From e.g. propertycommunity.com:
"The French property market has only just weathered the storm created by the incompetence of the banking sector, and could now be led into even more turbulent waters by the political manoeuvring of Francois Baroin and the current government," said Trevor Leggett, chief executive of Leggett Immobilier.
"This proposed tax of 20% is an idea that came about without any consultation of those of us within the industry. With the current, favourable, taxation regime in France an increasing number of UK and European citizens are looking to retire over here and we believe that there are far more efficient and equitable ways for the Government to balance the books."
Or from The Telegraph:
Christopher Bailey, 69, a retired management consultant, and his wife Georgina Howell, an author, who own a medieval manor which they renovated in north west France, said they resented the extra levy. Mr Bailey said: “I’m angry because we already make quite an adequate contribution. To keep what is a fairly substantial property in France, we’re having to find other sources of income. Now we might have to sell up.”
The couple are not alone. Stewart Cook, a property agent with the firm Classic French Homes, said: “Already hit by a weak pound, many British owners who are having to consider selling on economic grounds will treat this news as the last straw.”
Or from TaxFreeNews:
... opponents of the tax have warned that the plans will simply prove too costly for non-residents, and will merely serve to adversely affect property purchases by foreigners, and to discourage foreigners from investing and creating jobs in France.
I think you get the picture.
And how much is this terrible, devastating, socialistically life-threatening tax, roughly?
For example, a family with a two-bedroom flat in Normandy worth £350,000 would have to pay roughly an extra £700 a year; or the owners of £5.5m second home in a fashionable part of Paris would pay around £3,400 extra a year.
Ah, right.
All That’s Wrong
1 hour ago
5 comments:
I would never buy a house in France, simply because the French have no concept of private property. You would like it.

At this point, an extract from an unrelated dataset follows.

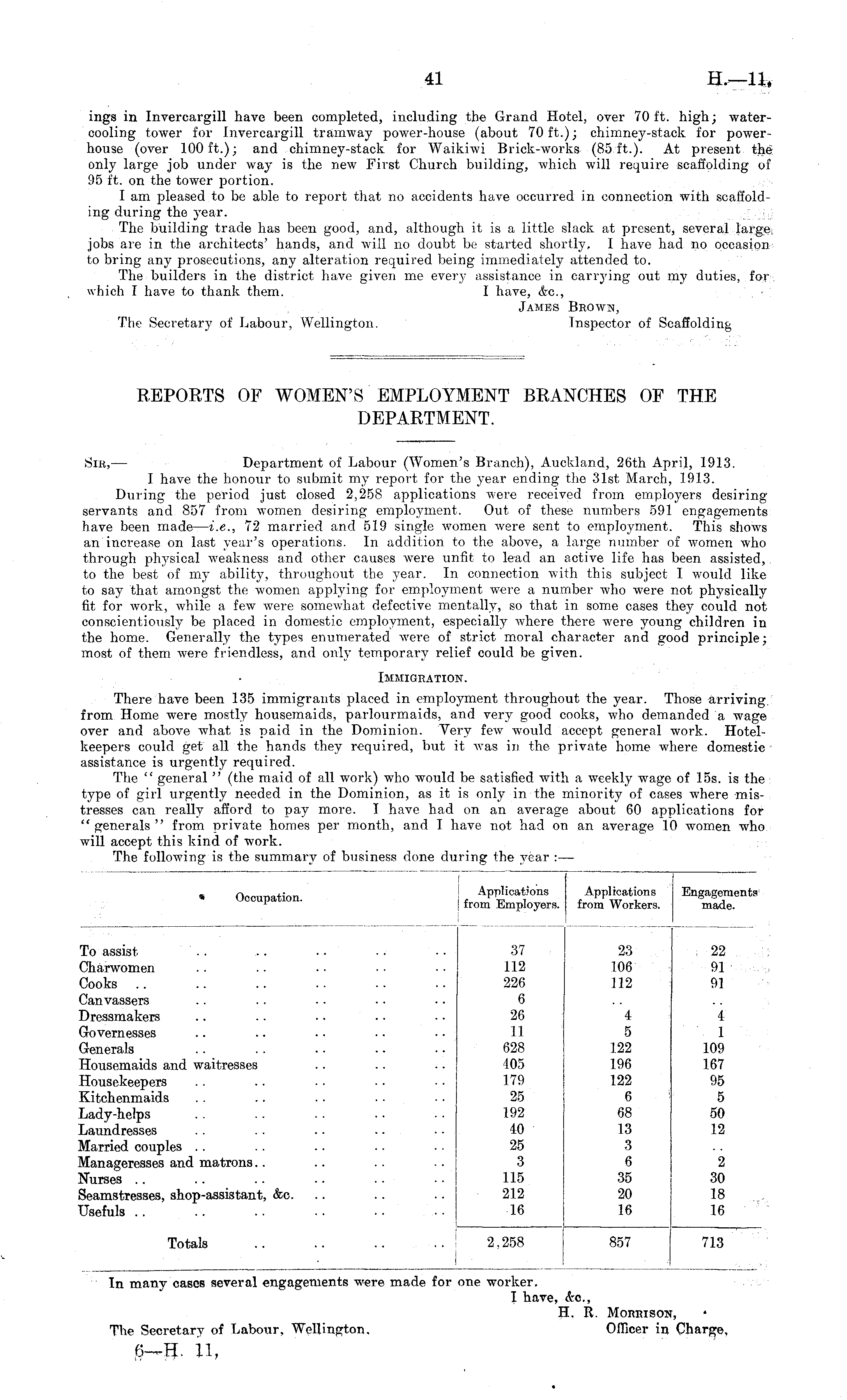 ings in Invercargill have been completed, including the Grand Hotel, over 70 ft. high; watercooling tower for Invercargill tramway power-house (about 70 ft.); chimney-stack for powerhouse (over 100 ft.); and chimney-stack for Waikiwi Brick-works (85 ft.). At present the" only large job under way is the new First Church building, which will require scaffolding of 95 ft. on the tower portion. I am pleased to be able to report that no accidents have occurred in connection with scaffolding during the year. The building trade has been good, and, although it is a little slack at present, several large, jobs are in the architects' hands, and will no doubt be started shortly, I have had no occasion to bring any prosecutions, any alteration required being immediately attended to. The builders in the district have given me every assistance in carrying out my duties, for . which I have to thank them. I have, &c, • James Brown, The Secretary of Labour, Wellington. Inspector of Scaffolding REPORTS OF WOMEN'S EMPLOYMENT BRANCHES OF THE DEPARTMENT. Sir, — Department of Labour (Women's Branch), Auckland, 26th April, 1913. I have the honour to submit my report for the year ending the 31st March, 1913. During the period just closed 2,258 applications were received from employers desiring servants and 857 from women desiring employment. Out of these numbers 591 engagements have been made — i.e., 72 married and 519 single women were sent to employment. This shows an increase on last year's operations. In addition to the above, a large number of women who through physical weakness and other causes were unfit to lead an active life has been assisted, to the best of my ability, throughout the year. In connection with this subject I would like to say that amongst the women applying for employment were a number who were not physically fit for work, while a few were somewhat defective mentally, so that in some cases they could not conscientiously be placed in domestic employment, especially where there were young children in the home. Generally the types enumerated were of strict moral character and good principle; most of them were friendless, and only temporary relief could be given. Immigration. There have been 135 immigrants placed in employment throughout the year. Those arriving, from Home were mostly housemaids, parlourmaids, and very good cooks, who demanded a wage over and above what is paid in the Dominion. Very few would accept general work. Hotelkeepers could get all the hands they required, but it was in the private home where domestic assistance is urgently required. The " general " (the maid of all work) who would be satisfied with a weekly wage of 15s. is the type of girl urgently needed in the Dominion, as it is only in the minority of cases where mistresses can really afford to pay more. I have had on an average about 60 applications for "generals" from private homes per month, and I have not had on an average 10 women who will accept this kind of work. The following is the summary of business done during the year :—

Miserable whining so-and-so's.
The tax fonciere and the tax d'habitation are usually considerably less than they'd pay on equivalent property in the UK.
And I suppose Mr Leggett might be a man who's profited richly from the "incompetent banks" who lent the money to allow his over-leveraged clients to buy the houses. Arranging (euro!) mortgages, selling properties..... all those people who were sold euro mortgages 4 or 5 years ago because rates were nice and low, but no one ever mentioned exchange rate risk.

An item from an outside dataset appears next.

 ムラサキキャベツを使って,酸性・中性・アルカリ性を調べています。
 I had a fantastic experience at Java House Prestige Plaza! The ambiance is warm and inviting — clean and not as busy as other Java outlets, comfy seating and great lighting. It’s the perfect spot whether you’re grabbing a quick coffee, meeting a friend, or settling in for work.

Still, if you've got cash, a French cottage might be just the thing when they're back down to about €20,000.
HAHA!
Please help, hungry and second home-less.
BE, I am a strong defender of the idea of private property, hence my opposition to taxing incomes and output.
It's simply the case that land values are not generated by the land owner, they are generated by society in general. While the right to exclusive possession of land and buildings is a pretty fundamental right, I see no reason why the beneficiaries of this right shouldn't pay society in general for the location value they consume.
FT, yup, it's not like he's biased or anything.
BNJ, it's cheaper renting a gite for a couple of weeks a year than owning something outright, what's the problem with these people?
if it doesn't apply to French nationals I can't see how it would go through (EU). However an interesting technical point is if it only applies to foreigners then it is actually moving money from foreign countries and putting it in the hands of the French treasury, a very political act.